Document Detail


APOE modifies the association between Aβ load and cognition in cognitively normal older adults.
MedLine Citation:
PMID:  22189452     Owner:  NLM     Status:  MEDLINE    
Abstract/OtherAbstract:
OBJECTIVE: To determine the relationship between β-amyloid (Aβ) load as measured by [(11)C]-Pittsburgh compound B (PiB) PET and cognitive function in cognitively normal older adults.
METHODS: We studied 408 cognitively normal older adults who participated in the population-based Mayo Clinic Study of Aging (MCSA) from January 2009 through March 2011. The participants underwent PiB PET and neuropsychometric testing within 6 months. The association between PiB retention and cognitive function was measured by partial correlation and an interaction with APOE status was tested using linear regression after adjusting for age, sex, and education.

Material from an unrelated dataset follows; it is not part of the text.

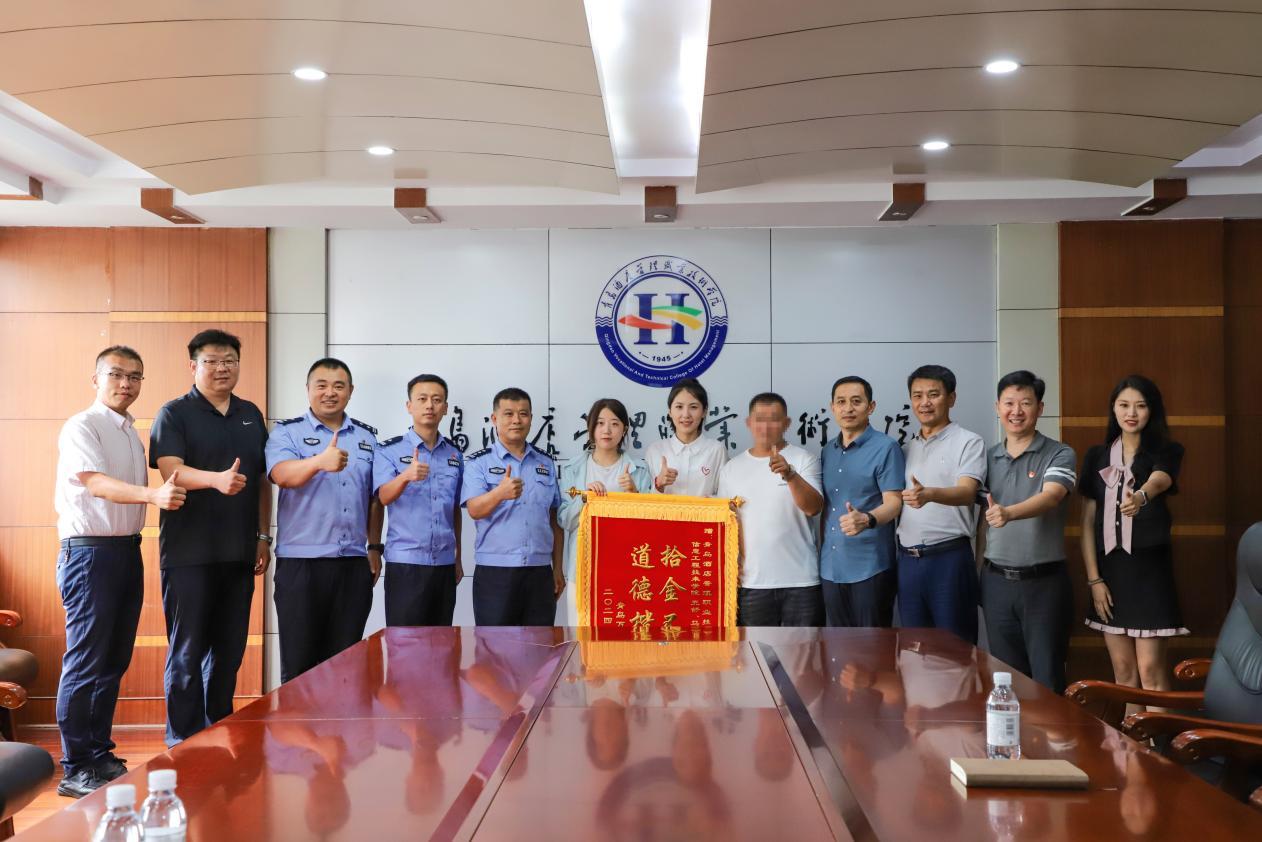近日,青岛申先生向青岛酒店管理职院2023级学生王舒、马玉丹赠送了“拾金不昧 道德楷模”的锦旗,感谢两位同学拾金不昧的高尚品德。
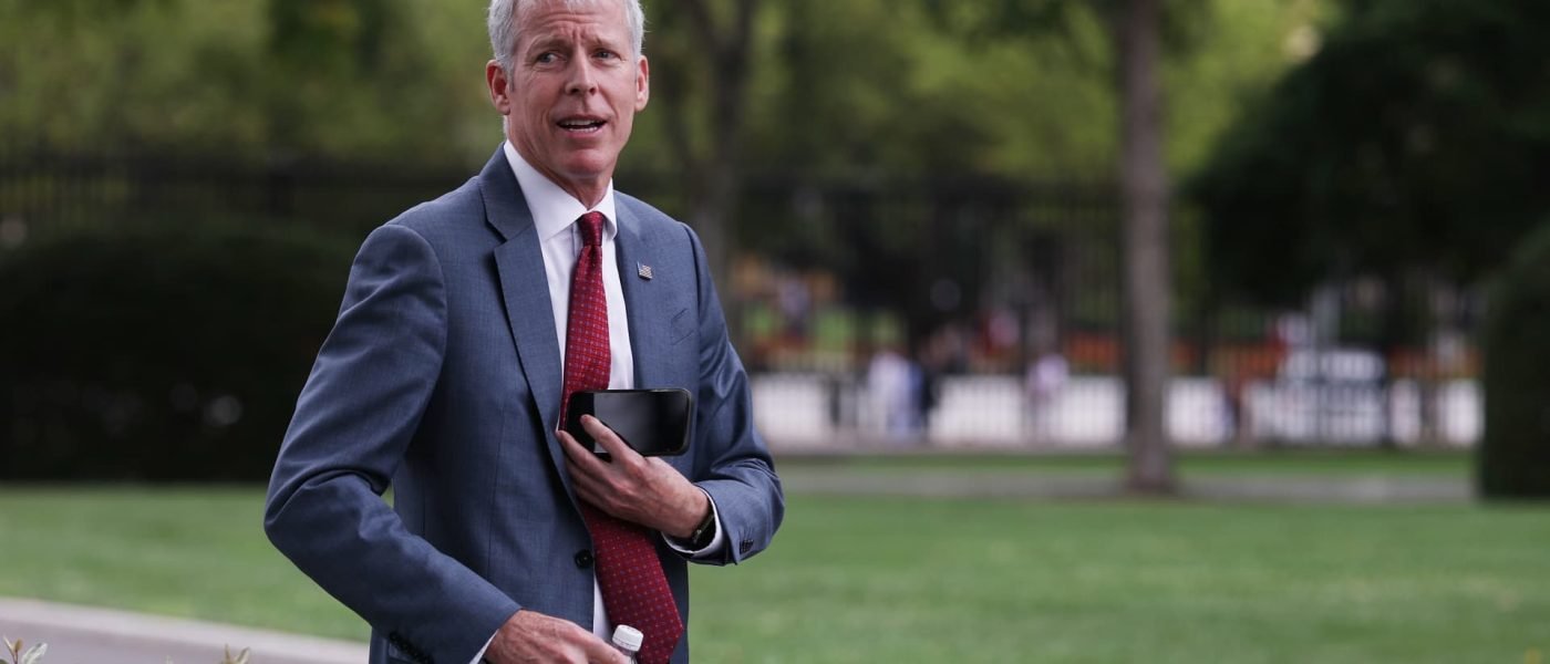 U.S. Energy Secretary Chris Wright departs after speaking during a television interview outside of the White House on August 19, 2025 in Washington, DC.

RESULTS: Higher PiB retention was associated with cognitive performance (Spearman partial r = -0.18; p < 0.01), specifically the memory, language, attention/executive, and visual-spatial processing domains in the whole group of participants. The association between PiB retention and cognition was modified by the APOE status on linear regression analysis even after controlling for the differences in the distribution of PiB values among APOE ε4 carriers and noncarriers (p = 0.02). Cognitive performance was associated with the Aβ deposition in the frontal, temporal, and parietal lobe association cortices in APOE ε4 carriers on SPM analysis (p < 0.001).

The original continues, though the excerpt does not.